DETAILED DESCRIPTION OF THE FIGURES
[0053] FIG. 1 is a block diagram illustrating an example of a computer system capable of implementing various processes described in the present disclosure. The system 100 typically includes a power source 124; one or more processing units (CPU's) 102 for executing modules, programs and/or instructions stored in memory 112 and thereby performing processing operations; one or more network or other communications circuitry or interfaces 120 for communicating with a network 122; controller 112; and one or more communication buses 114 for interconnecting these components. In some embodiments, network 122 can be the another communication bus, the Internet, an Ethernet, an Intranet, other wide area networks, local area networks, and metropolitan area networks. Communication buses 114 optionally include circuitry (sometimes called a chipset) that interconnects and controls communications between system components. System 100 optionally includes a user interface 104 comprising a display device 106, a keyboard 108, and a mouse 110. Memory 112 includes high-speed random access memory, such as DRAM, SRAM, DDR RAM or other random access solid state memory devices; and may include non-volatile memory, such as one or more magnetic disk storage devices, optical disk storage devices, flash memory devices, or other non-volatile solid state storage devices. Memory 112 may optionally include one or more storage devices 116 remotely located from the CPU(s) 102. Memory 112, or alternately the non-volatile memory device(s) within memory 112, comprises a non-transitory computer readable storage medium.
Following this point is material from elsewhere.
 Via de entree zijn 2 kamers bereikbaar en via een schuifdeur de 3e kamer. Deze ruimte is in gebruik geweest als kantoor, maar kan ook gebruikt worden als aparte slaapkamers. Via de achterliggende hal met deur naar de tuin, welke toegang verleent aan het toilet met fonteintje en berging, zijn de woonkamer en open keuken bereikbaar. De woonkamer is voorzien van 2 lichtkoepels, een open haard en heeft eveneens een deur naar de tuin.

In some embodiments, memory 112, or the computer readable storage medium of memory 112 stores the following programs, modules and data structures, or a subset thereof:
[0054] an operating system 140 that includes procedures for handling various basic system services and for performing hardware dependent tasks;
[0055] a file system 144 for storing various program files;
[0056] a word vector module 150 that takes as input a corpus of structured or unstructured data and returns as output a high-dimensional vector for each word in the input corpus;
[0057] a depth module 152 that takes as input a set of words along with their high-dimensional vectors and outputs a depth score for each word;
[0058] a degree module 154 that takes as input an unstructured corpus of words, with each sentence delineated--it outputs a degree score for each word;
[0059] a phrase vector module 156 that takes as input an unstructured corpus of words and their vector representations, and generates vector representations for phrases of consecutive and/or non-consecutive words;
[0060] a topic module 158 that takes as input a set of words along with their high-dimensional vectors (from module 150), their depth score (from module 152), their degree score (from module 154) and a set of phrases along with their high-dimensional vectors (from module 156). The module outputs different sets of words and phrases, each such set represents a topic of interest for the user. Further, the topics are ranked in terms of importance to user, and within each topic, the words and phrases are ranked based on importance.
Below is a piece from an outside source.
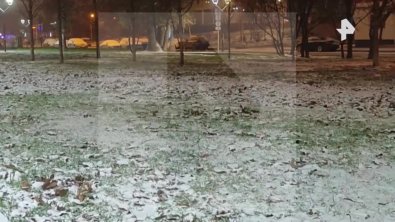 Зеленая трава наконец "укрылась" снегом в Москве.

[0061] Each of the above identified elements may be stored in one or more of the previously mentioned memory devices, and corresponds to a set of instructions for performing a function described above. The above identified modules or programs (i.e., sets of instructions) need not be implemented as separate software programs, procedures or modules, and thus various subsets of these modules may be combined or otherwise re-arranged in various embodiments. In some embodiments, memory 112 may store a subset of the modules and data structures identified above. Furthermore, memory 112 may store additional modules and data structures not described above.
[0062] Although FIG. 1 shows a "system for extracting a user's topics of interest," FIG. 1 is intended more as functional description of the various features which may be present in a set of servers than as a structural schematic of the embodiments described herein. In practice, and as recognized by those of ordinary skill in the art, items shown separately could be combined and some items could be separated. For example, some items shown separately in FIG. 1 could be implemented on single servers and single items could be implemented by one or more servers. The actual number of servers used to implement a topic modeling system and how features are allocated among them will vary from one implementation to another, and may depend in part on the amount of data traffic that the system must handle during peak usage periods as well as during average usage periods.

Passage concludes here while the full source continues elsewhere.